Because of the infamous slicing problems any typical inheritance implementation will to be rather limited in respect to usage in library interfaces. In my opinion inheritance can be used without any risks to performance and memory safety only inside single crate and it can be forced by language rules. Therefore there is no need to make inheritance un-ergonomic. Making bond between inheritance and traits will ensure that traits are still the only viable option for library interfaces. Besides modeling problems in an OOP fashion inheritance can be good tool for code reuse and reduce size of code in many situations.

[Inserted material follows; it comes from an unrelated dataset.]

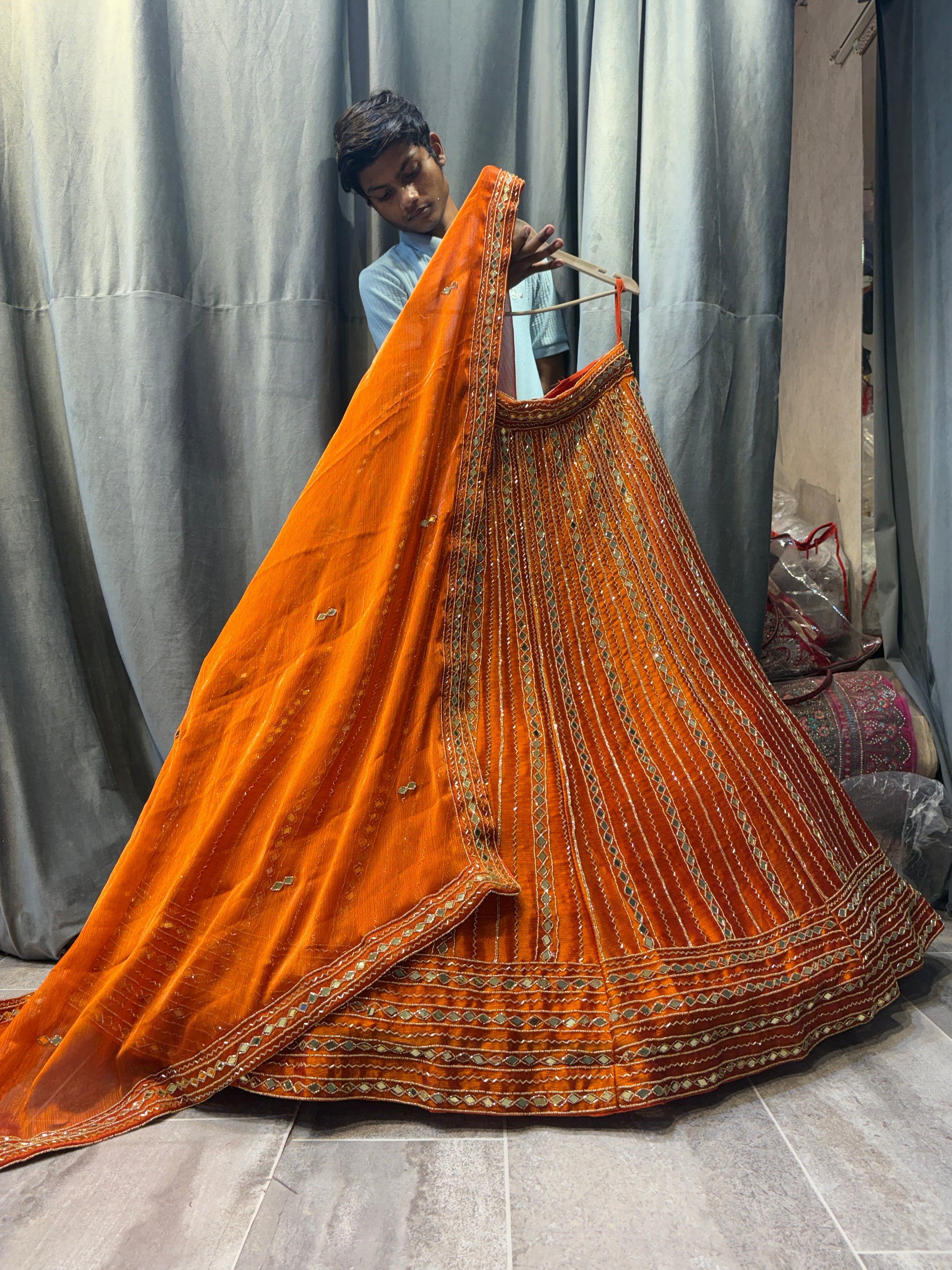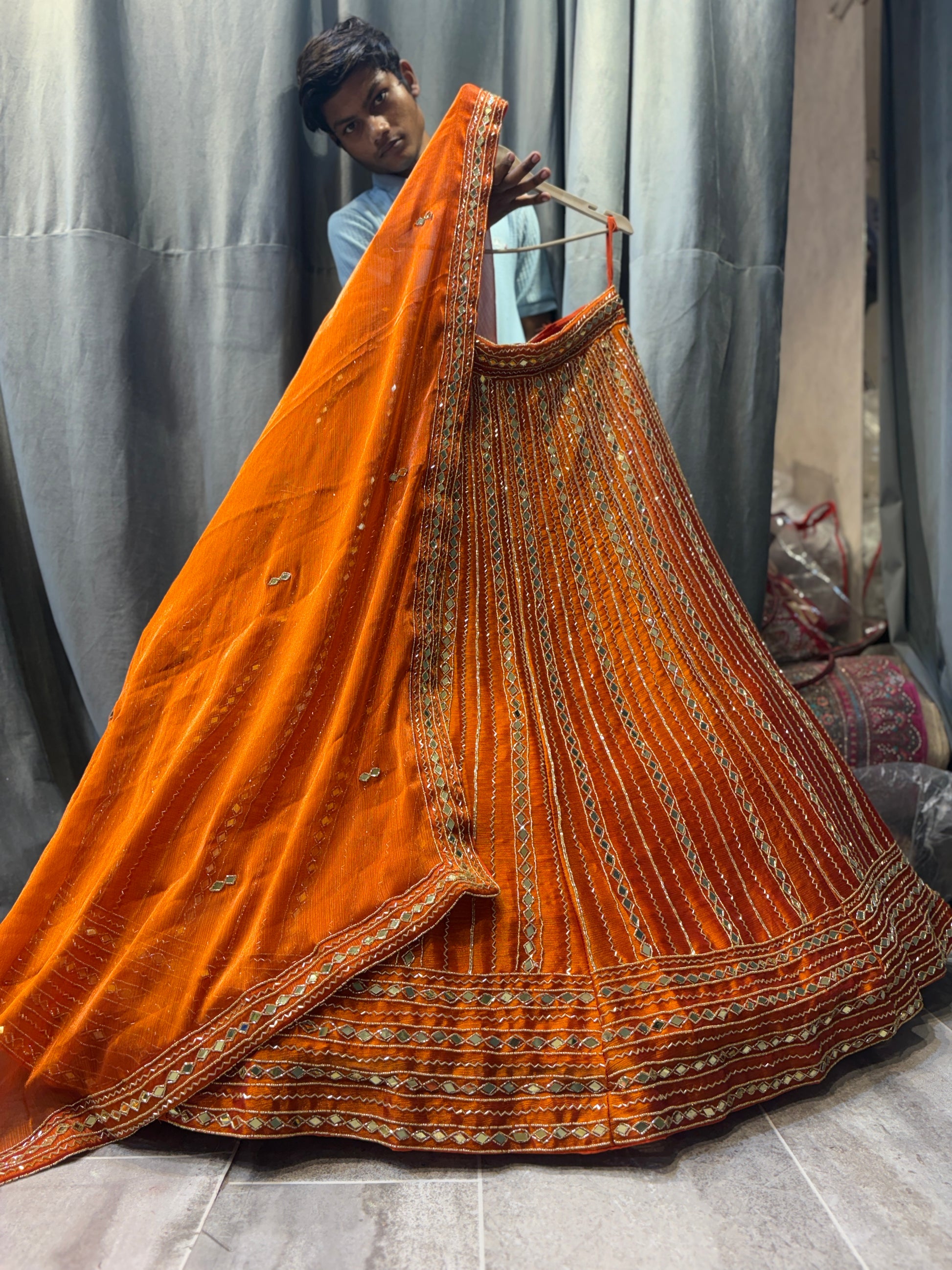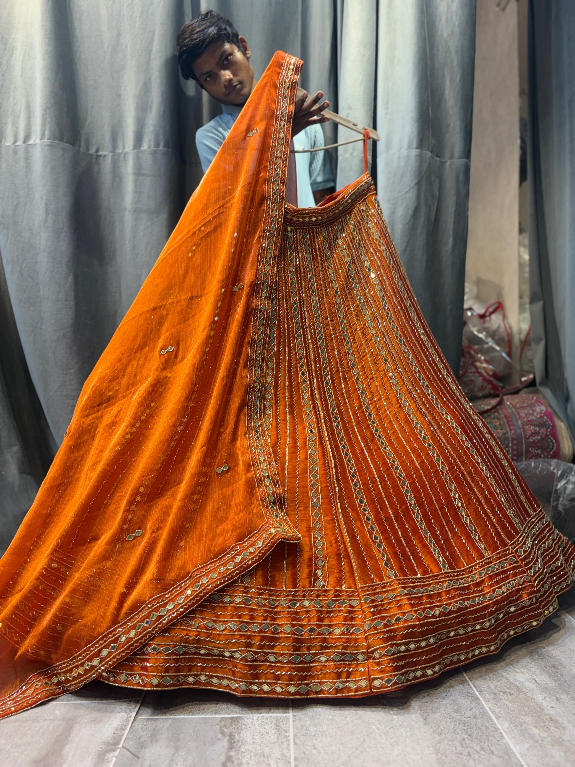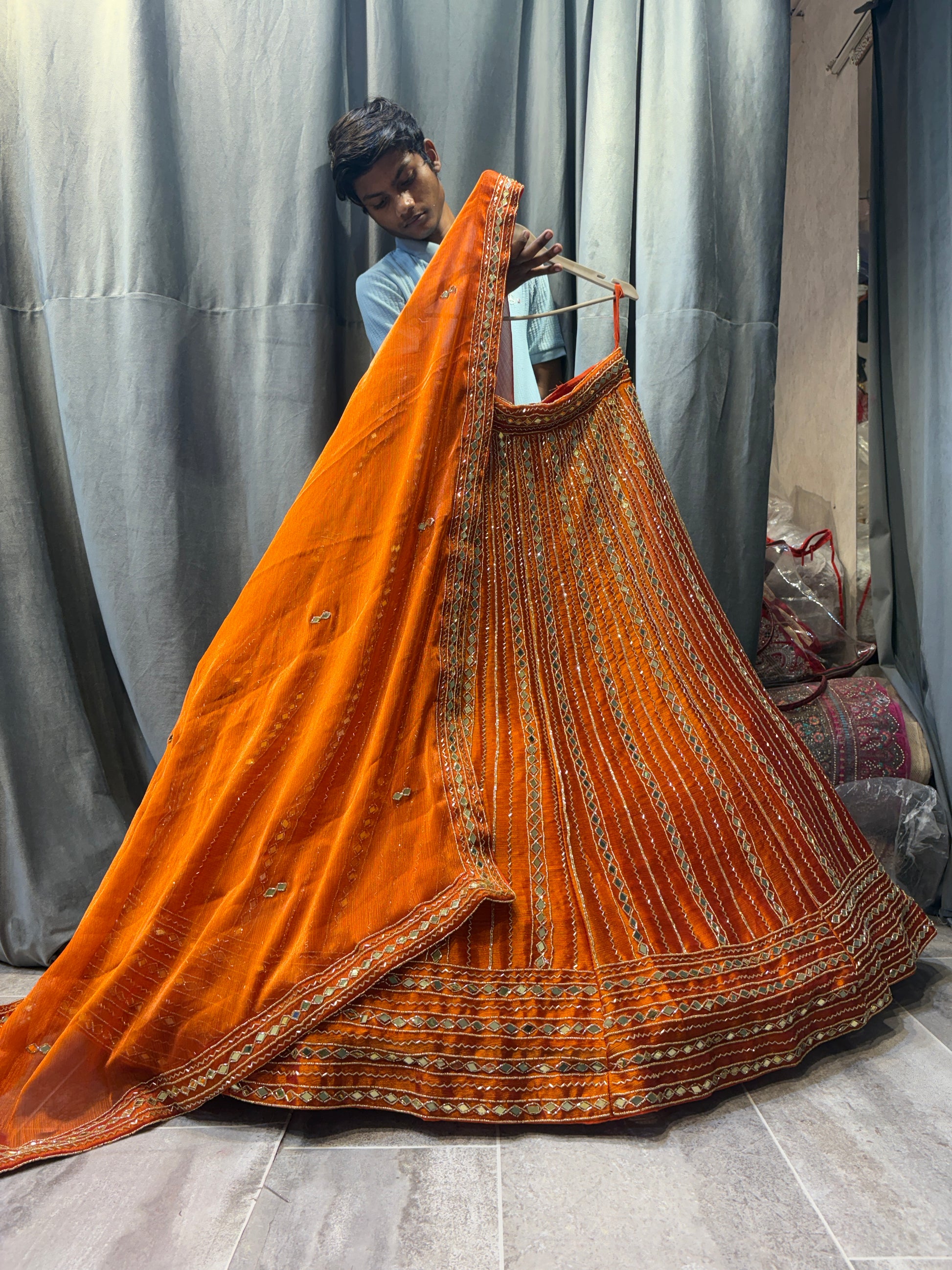 सुंदर ऑरेंज सीक्वेंस लहंगा

It is quite clear that inheritance and dynamic dispatch are largely independent problems albeit historically solved together in many existing object-oriented languages where dynamic dispatch also helps solve slicing problems. Rust is not object-oriented and has highly independent dynamic dispatch mechanism so there is a opportunity to make inheritance and dynamic dispatch truly independant features.


#2

I would suggest looking into the approach chosen by Go and adapting it for explicit trait implementations of rust instead of implicit implementations of Go.

The idea is not to have inheritance at all, but instead introduce a way to say "Implement trait T for struct X by delegating all methods not explicitly defined to member y". Something like:

trait Tr { ... }
struct S { ... }
impl Tr for S { ... }
struct S2 {
    s : S;
    ...
}
#[delegate(S::s)]
impl Tr for S2 { /* nothing needed here, but overrides are permitted */ }

Any case that would be problem for the borrow checker would be prohibited. One I can think of is if S2 is Drop, S is not Copy and Tr has method that takes self by value (so it moves s out, but then the drop implementation would get partially invalid object). But that should be pretty rare; most traits take self by reference.

Note, that whenever polymorphism is static (using generics) the compiler can statically make out what to call and for trait references the dispatch is dynamic either way, so it does not add any performance penalty either.


#3

Here is an article about adding traits with required fields to a java-like language. It doesn’t mention memory layout, but the notation looks very neat. Perhaps it can be an inspiration.

Bettini et al, “Implementing Software Product Lines using Traits” (2010) http://www.di.unito.it/~damiani/papers/oops10.pdf

EDIT: This is basically “Composition by multiple struct inheritance”.